The pretentious director Roeg was well-known as the creator/director of a number of daring, striking art-house films with random, non-linear sequences (both flashforwards and flashbacks), fractured and fast-cutting editing (and enigmatic visual clues), images that suggest memories or dreams, skewed camera angles, and recurring motifs and themes of alienation from culture, sexual obsession, and apprehension. This was his third feature film, following Performance (1970) and Walkabout (1970). His next films were the sci-fi The Man Who Fell to Earth (1976), Bad Timing: A Sensual Obsession (1980), Eureka (1982), Insignificance (1985), Castaway (1987), the surrealist Track 29 (1988), and even the notorious Full Body Massage (1995), a Showtime movie with Mimi Rogers and Bryan Brown.
This intense, disorienting, chilling mystery/drama told with a calm and leisurely-pace, was in the same year as another scary "horror" film The Exorcist (1973), and contained many of the more traditional elements of the horror genre: a serial killer on the loose with corpses of victims piling up, psychic-ESP abilities and premonitions of death, and a dark foreboding setting. It told about a recuperating, grief-stricken married couple, Laura (Julie Christie) and art restorer John Baxter (Donald Sutherland), in Venice for work and relaxation after the tragic accidental drowning demise of their daughter Christine (Sharon Williams) at their English country estate. At every turn in the ancient port city, the bereaving heartbroken couple were reminded of death.
Its notorious explicit extended sex scene between the two principals has made the film a legendary example of erotica, although it was deliberately filmed to portray a normal married couple's routine - with both dispassionate, preoccupied dressing for dinner, and passionate love-making. The scene was so explicit (and seemingly real) that it had to be edited before the film's US theatrical R-rated release. Many questioned whether the sex was real or not, although many years later, Sutherland rebutted the rumor that he had engaged in unsimulated sex with Christie. In fact, only nine individual frames were required to be cut from the film in order to move it from an X rating to an R-rating. [Note: The intercutting sex scene was imitated in Steven Soderbergh's Out of Sight (1998) between George Clooney and Jennifer Lopez.]

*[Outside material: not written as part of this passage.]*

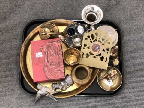 A tray containing brass and silver plated wares including circular serving tray, napkin rings, coasters, bells etc together with a boxed Norwegian pewter bowl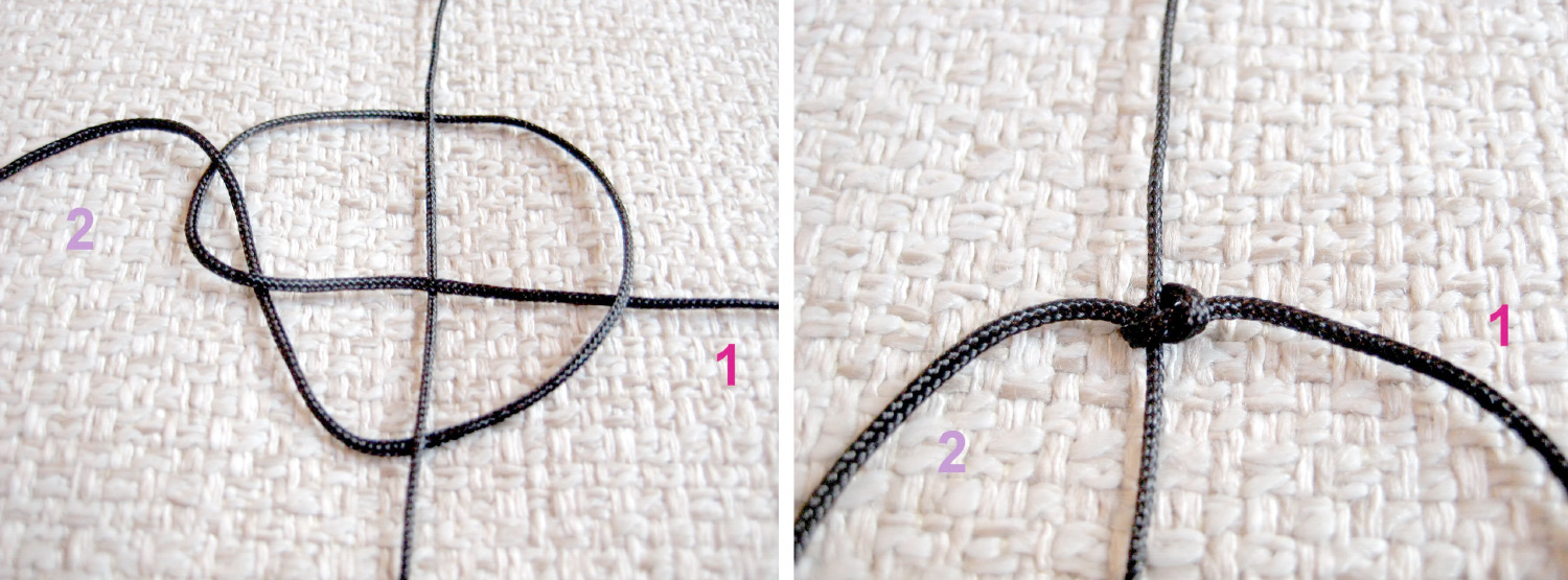- Аналогично делается противоположный правому узелок. Для этого левую нить кладут на основу и продевают под правой, а правую ведут под основой и закрепляют через левую петлю.

The popular, fabled Italian tourist city threatened by rising waters (apt for a film about a tragic drowning) figured prominently in the film, although it wasn't portrayed as an attractive city of romance and passion. It was filmed in the dead of winter by gifted cinematographer Anthony B. Richmond, and was seen here as old, haunted, doom-laden, frosty, foggy and damp - with sinister, splintered shadows, grey skies, and darkness, labyrinthine dead-end alleyways with rats, rotting buildings and churches, half-empty cafes and hotels, peeling walls, tarnished stone, desolate streets and murky canals (Heather: "It's like a city in aspic left over from a dinner party and all the guests are dead and gone").
In addition, the off-kilter city was plagued by a series of grisly, unsolved murders. The fleeting image of a figure in red, a premonition of death, has been seen in many films since, including: Flatliners (1990), Spielberg's Schindler's List (1993), M. Night Shyamalan's The Village (2004), Dark Water (2005), Hostel (2005), The Omen (2006) and even James Bond's Casino Royale (2006). The dreamlike images of reflections and mirrors, cavernous walkways, and sightlessness hinted at the world of the afterlife - are all John's self-fulfilling dying visions that culminate in his own death.